The FTSE 100 fell 0.2%, while the midcap 250 index slipped 0.1%
UK stocks fell on Tuesday after stronger-than-expected jobs data supported the case for a big interest rate hike next month and as shares of online furniture retailer Made.com plunged after an earnings forecast cut.
The blue-chip FTSE 100 fell 0.2% in morning trade, while the domestically focussed midcap 250 index slipped 0.1% tracking Wall Street’s move overnight.
Britain’s unemployment rate held at 3.8% in the three months to May and the number of people in work rose by the most since the middle of 2021, data showed, suggesting the cost-of-living squeeze has not yet hit demand for staff.
Traders were pricing in an 86% chance of an aggressive 50 basis point rate hike next month, with consumer prices and retail sales data due later this week likely offering fresh clues on inflation and health of the British consumer.
Investors will be surprised if they (BoE) don’t do a 50 basis points (bps) rate hike in August, said David Madden, market analyst at Equiti Capital.
For the June meeting, they only hiked by 25 bps. This time around, all the central banks around the world are not only hiking, but doing large hikes.

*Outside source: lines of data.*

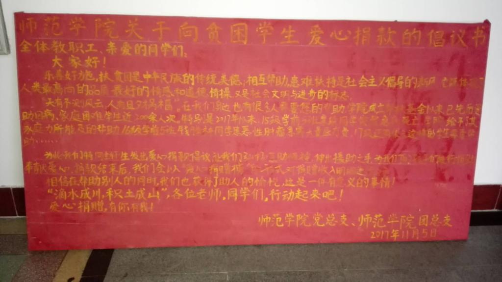 2017年10月,为帮助并资助钱腾祥等两名患重病员工以及部分家庭贫困员工,太阳集团tyc9728发起向贫困员工捐款的“冬季送温暖”活动,公司党总支、院行政组织全院师生积极参加了这项活动。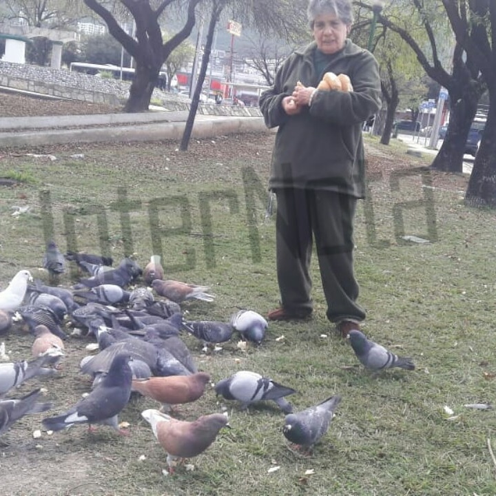 LA SEÑORA ROSARIO RAMÍREZ ALIMENTA PALOMAS ESTO EN COLONIA VILLA LAS FUENTES, MONTERREY N.L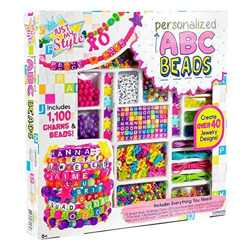 Spell it out and express yourself with the Just My Style ABC beads! personalize your style and create over 40 different jewelry designs to wear and share. With 1,100 vibrant charms and beads to mix and match, your creations will compliment any style! weave, knot and braid different cordings to add fun patterns and textures to your jewelry. Make bracelets, keychains, necklaces and more. Perfect for a sleepover, birthday party or gift! ideal for ages 6 years and up.Feature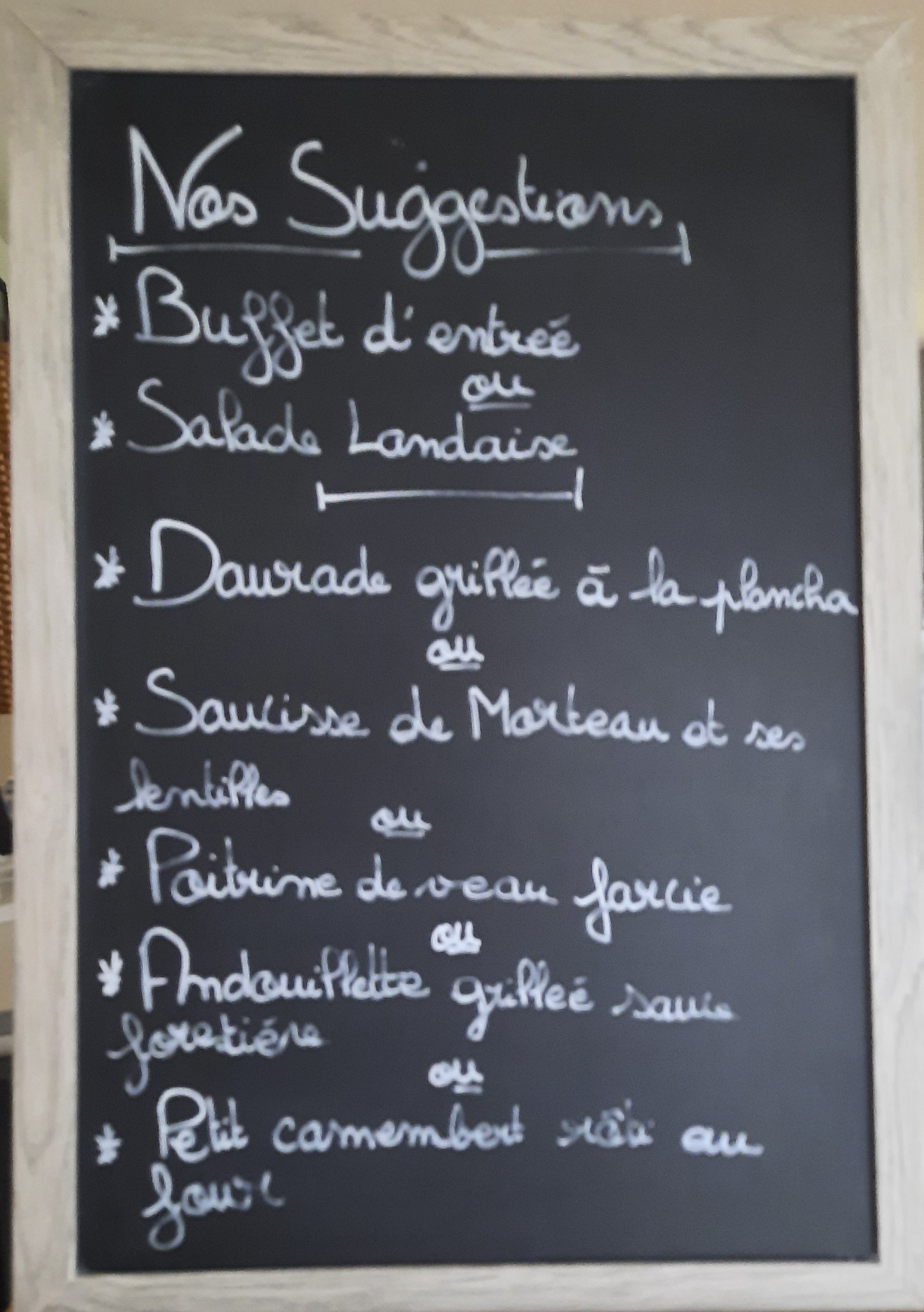 Super restaurant dans hôtel 2 étoiles. Service le midi avec buffet entrée à volonté et 5 menus au choix différents tous les jours, mais souvent les mêmes si vous restez plus d'une semaine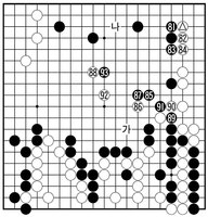 〈제7보〉(81~93)=김지석의 기풍은 선(線)이 굵고 개성이 뚜렷하다. 기질적으로 '잔돈푼'보다는 '목돈'을 추구한다. 힘이 장사여서 상대 대마가 수시로..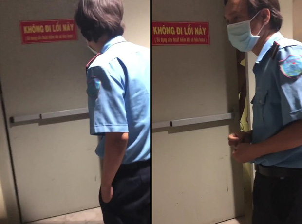 Bảo vệ toà nhà phát hiện, giải cứu nam sinh. Ảnh cắt từ clip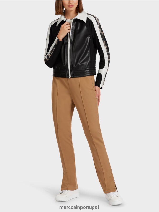jaqueta esportiva em um corte quadrado. Esta jaqueta está em uma mistura de material inteligente de padrão de leopardo e inserções em preto e branco. Possui um design de raglan e apresenta um colarinho de camisa grande e bolsos laterais. As bainhas da manga podem ser expandidas com um zip. Ele se prende com um zip de duas vias e um pino de imprensa. A bainha de pesos no topo aprimora a vibração esportiva.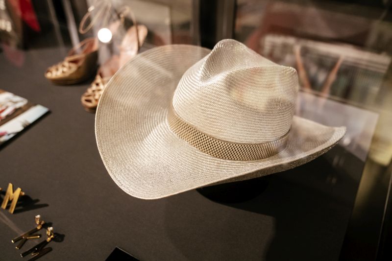 Included in the display is a multicoloured sequined bodysuit designed by Ian McMaugh, worn during the Enjoy Yourself tour (1990), the mugshot identification board for ‘Indie Kylie’ in the video for ‘Did It Again’ (1997) and her Azzedine Alaïa designed shoes worn in the music video for ‘Chocolate’ (2004). Also on display is the Stephen Jones designed cowboy hat worn to promote the single ‘Cowboy Style’ (1997) plus a selection of her signature Dolce & Gabbana jewellery worn during the KylieFever 2002 tour.
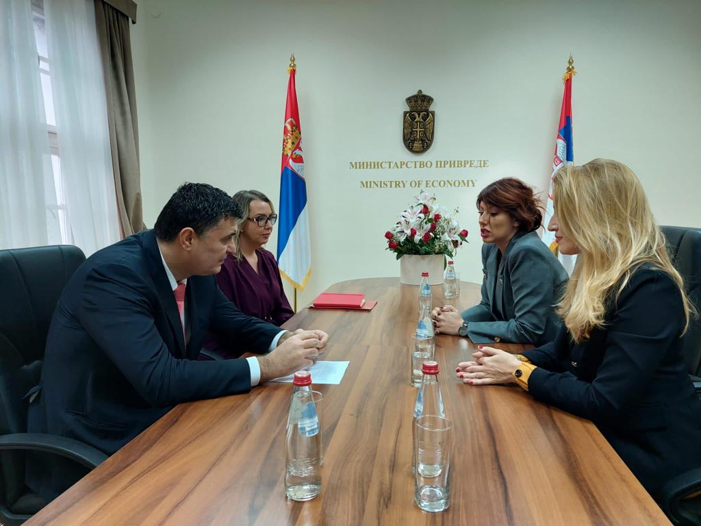 Ministar privrede Rade Basta ugostio je uspešnu srpsku privrednicu iz Loznice Olgicu Samoilović, vlasnicu kompanije Hedera Vita, koja je dobitnica međunarodne nagrade za poslovna dostignuća u Madridu.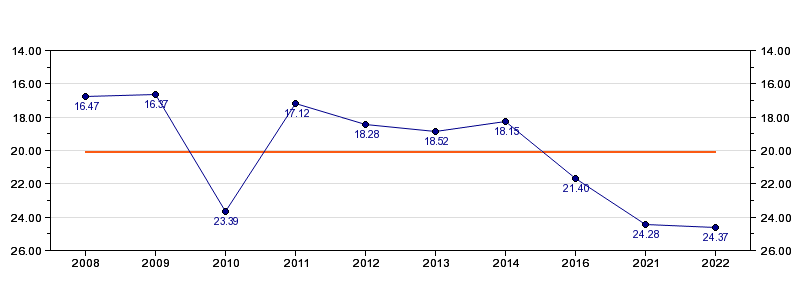 | Forrige tid | 24.37 (2022) |

The cost-of-living crisis is the absolute number one story in the UK, he said.
Among individual stocks, UK-listed shares of BHP Group slipped 1.2% after the global miner joined rival Rio Tinto in warning that a tight labour market, supply-chain snags and inflationary pressures would continue through fiscal 2023.

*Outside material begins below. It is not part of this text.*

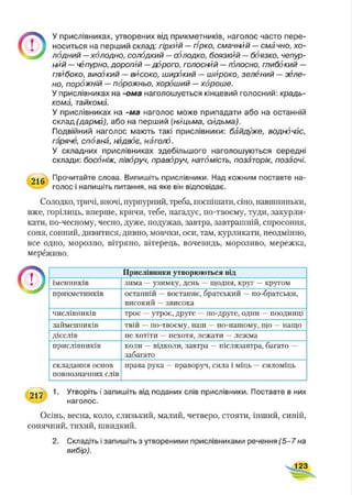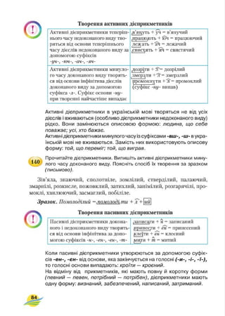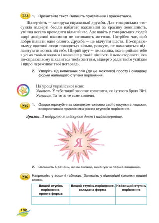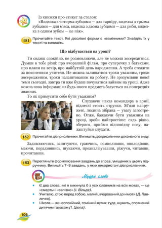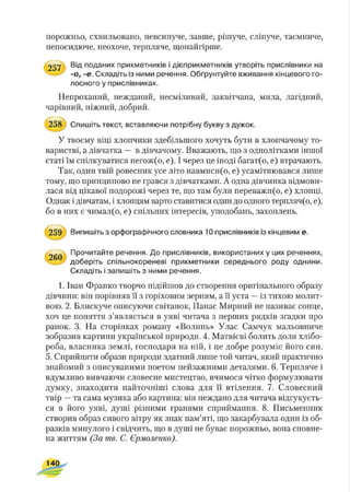 2. До якоїформи дієслова належать виділені слова? Визначте рід, число, дієвідміну цих дієслів. 3. Визначте синтаксичну роль дієслів у другій строфі вірша. Прочитайте текст. Складіть речення (3–4) зі словами висловити та виразити. Виисловити — вииразити Дозвольте висловити співчуття... У цій фразі дієслово висло вити вжито правильно. Воно поєднується також з іменниками надія, вдячність, припущення, схвалення. Висловлюють думку, пропозицію, міркування, ідею тощо. Уживати дієслова виражати, виразити замість висловлювати, висловити — неправильно. 1. Прочитайте текст. Випишіть дієприслівники. Любов до себе передбачає наявність різних компонентів. Наприк лад, люблячи себе, ти маєш правильно їсти. Дбаючи про своє здоров’я, думаєш про те, як твоє життя вплине на життя інших. Так, лежачи протягом двох місяців у лікарні, я точно знала, що це абсолютно виби ло з колії мою маму. Вона сиділа тут, у Києві, зі мною та дітьми, зали шивши всі свої робочі справи в Яремчому. Хочу сказати, що коли ми не дбаємо про своє здоров’я, то чинимо дуже егоїстично, не замислю ючись, як переживають інші за втрату нами можливості виконувати елементарні функції. Наші хвороби, змушуючи страждати рідних, порушують їхній звичний ритм життя (За І. Карпою). 2. Зауважте, що всі дієприслівники мають суфікси ачи , ячи , чи , вши . Перелічені суфікси притаманні тільки цій формі дієслова. Підкресліть суфікси у виписаних дієприслівниках. 1. Спишіть текст, поставивши дієслова в дужках у потрібну форму. «Скільки людей — стільки й характерів», — часто (повторювати) ми. І це справді так, двох однакових людей не (знайти). Навіть близнюки, яких не (могти) (розрізнити) з першого погляду, (виявлятися) зовсім різними людьми. Люди (мати) різні системи цінностей, захоплення, принципи і світогляд, по різному (реагувати) на події. Характер людини (зумовлювати) її вчинки, з яких і (складати) життя. 2. Визначте число, особу, дієвідміну дієслів. 33 52 53 54

Money transfer company Wise jumped 12.7% after posting strong revenue growth.
Cybersecurity firm Darktrace Plc added 7.4% after it raised its full-year profit margin forecast on the back of steady customer growth.
The biggest decliner on the small-cap index was Made.com, which slumped 39.5% to a record low, after the company slashed its sales and earnings guidance for 2022, saying it did not expect an improvement in demand for big-ticket items any time soon.